WORK INSTRUCTION - Look through the records below for the line holding "Natural herbal serum". Write it out exactly, with each following line through the line holding "рівням, мм |".

DATA FOR REVIEW -
════════

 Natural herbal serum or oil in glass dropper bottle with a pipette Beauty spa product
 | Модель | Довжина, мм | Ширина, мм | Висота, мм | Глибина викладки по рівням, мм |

════════

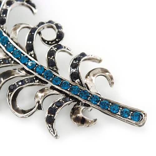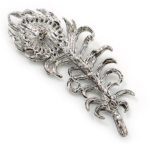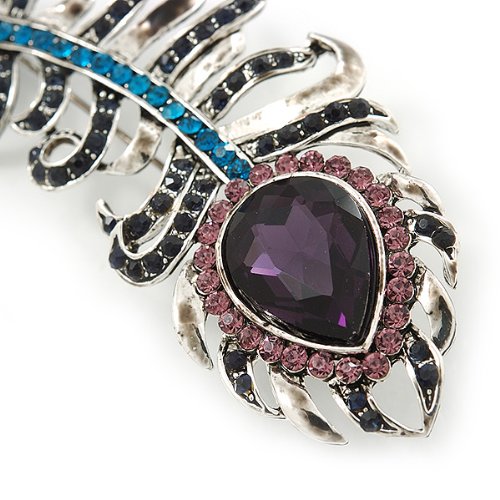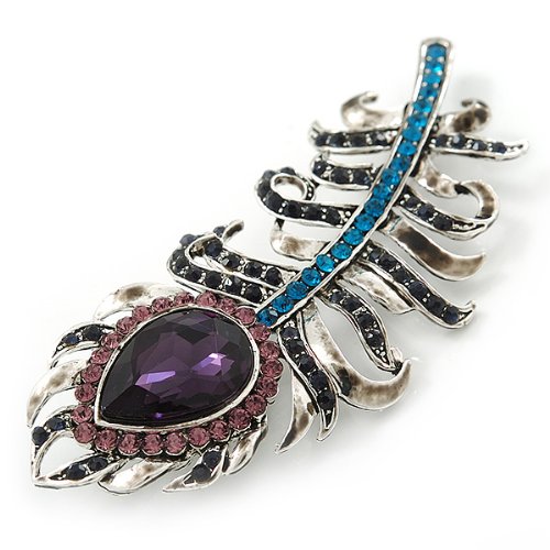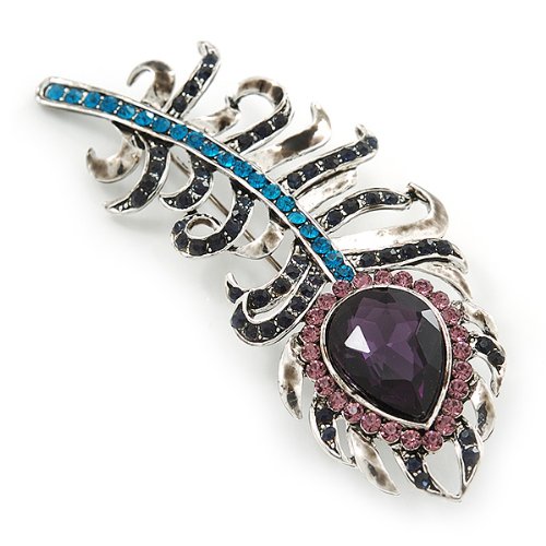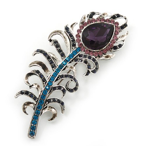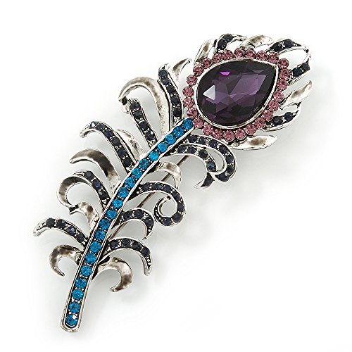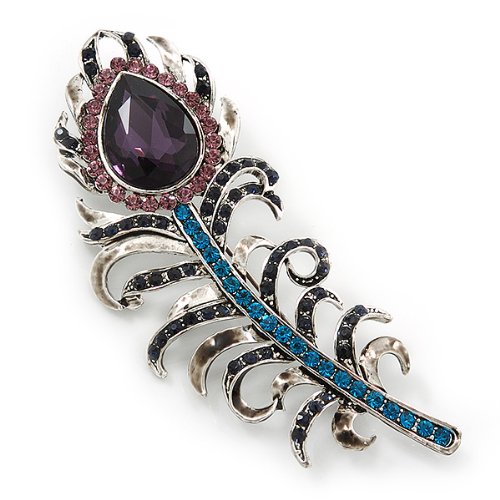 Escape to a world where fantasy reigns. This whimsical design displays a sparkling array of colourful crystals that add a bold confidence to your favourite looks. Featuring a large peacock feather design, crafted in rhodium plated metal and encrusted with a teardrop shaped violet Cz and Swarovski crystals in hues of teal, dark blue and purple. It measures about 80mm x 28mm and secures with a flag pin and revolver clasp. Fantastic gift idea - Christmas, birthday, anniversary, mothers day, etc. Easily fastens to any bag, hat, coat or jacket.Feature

════════

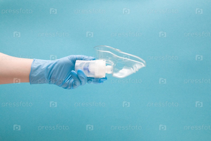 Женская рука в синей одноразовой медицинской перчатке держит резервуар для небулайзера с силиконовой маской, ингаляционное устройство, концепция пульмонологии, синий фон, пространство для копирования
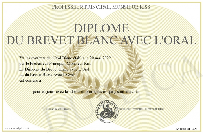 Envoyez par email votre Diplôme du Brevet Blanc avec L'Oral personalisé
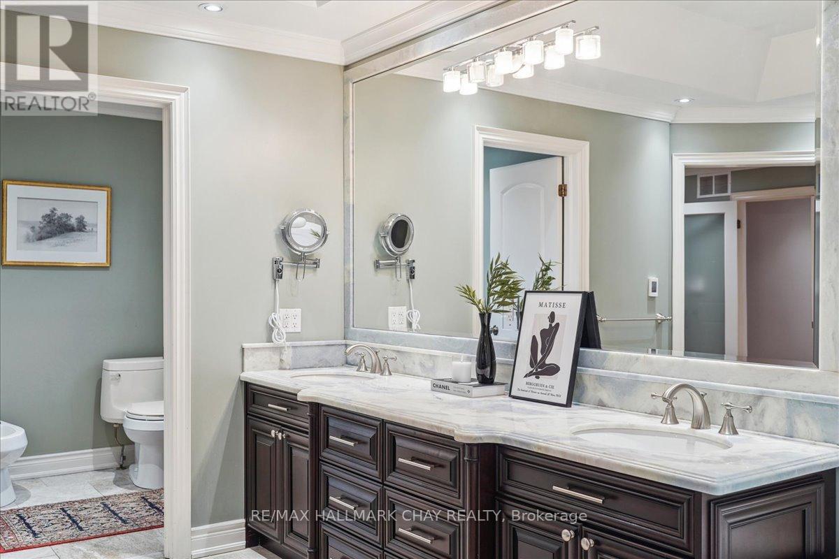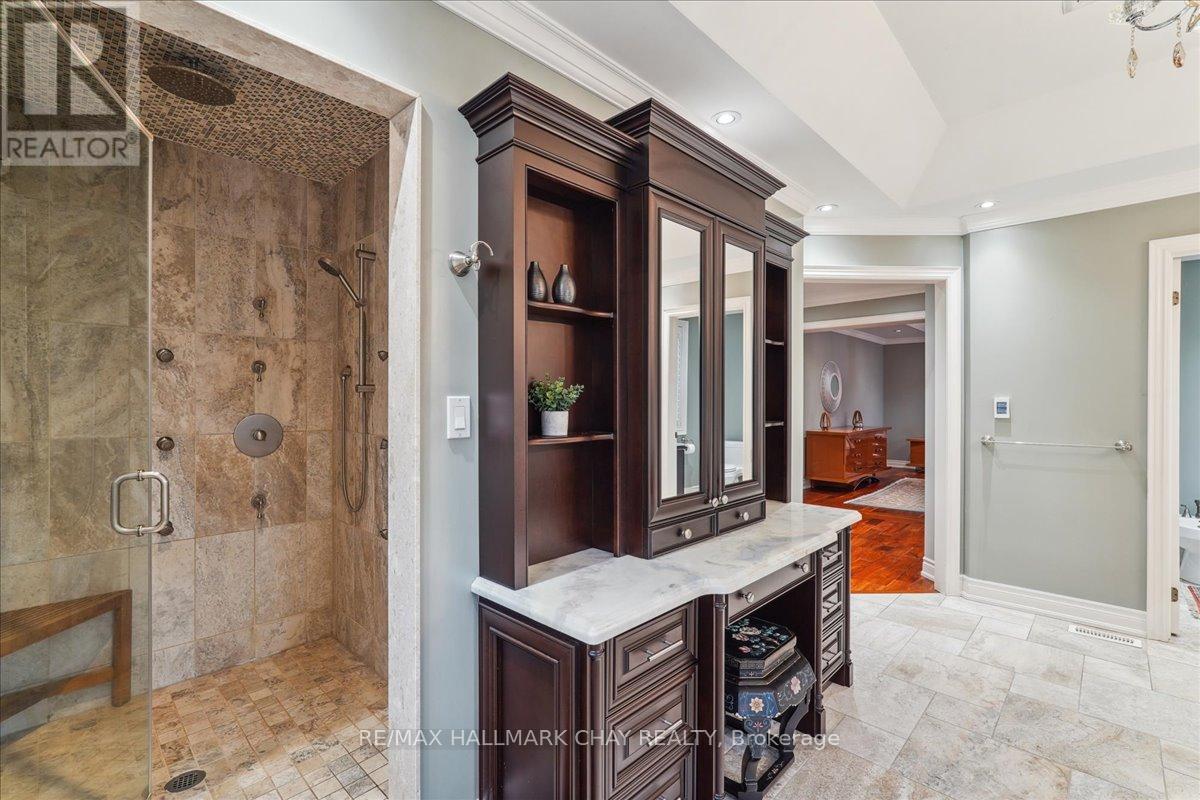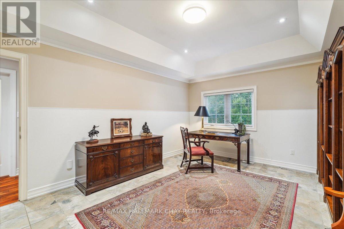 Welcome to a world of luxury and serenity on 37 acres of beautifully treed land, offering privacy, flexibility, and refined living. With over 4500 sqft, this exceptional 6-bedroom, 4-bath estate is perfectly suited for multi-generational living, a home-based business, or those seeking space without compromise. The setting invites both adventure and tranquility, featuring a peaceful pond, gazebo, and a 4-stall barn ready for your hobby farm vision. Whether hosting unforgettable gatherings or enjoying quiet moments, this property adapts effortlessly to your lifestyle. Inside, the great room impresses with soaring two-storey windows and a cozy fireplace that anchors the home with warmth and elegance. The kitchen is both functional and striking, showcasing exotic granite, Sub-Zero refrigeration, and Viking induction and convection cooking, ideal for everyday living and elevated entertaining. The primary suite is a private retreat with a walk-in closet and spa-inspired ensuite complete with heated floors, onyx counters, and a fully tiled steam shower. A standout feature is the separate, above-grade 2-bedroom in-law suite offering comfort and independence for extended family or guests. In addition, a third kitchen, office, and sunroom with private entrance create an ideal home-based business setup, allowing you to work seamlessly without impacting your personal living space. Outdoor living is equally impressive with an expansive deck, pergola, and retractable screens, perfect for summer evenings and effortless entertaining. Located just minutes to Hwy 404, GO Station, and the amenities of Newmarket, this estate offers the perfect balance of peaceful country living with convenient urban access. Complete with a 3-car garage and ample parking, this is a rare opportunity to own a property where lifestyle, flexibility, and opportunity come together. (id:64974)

════════

OUTPUT BELOW -
 Natural herbal serum or oil in glass dropper bottle with a pipette Beauty spa product
 | Модель | Довжина, мм | Ширина, мм | Висота, мм | Глибина викладки по рівням, мм |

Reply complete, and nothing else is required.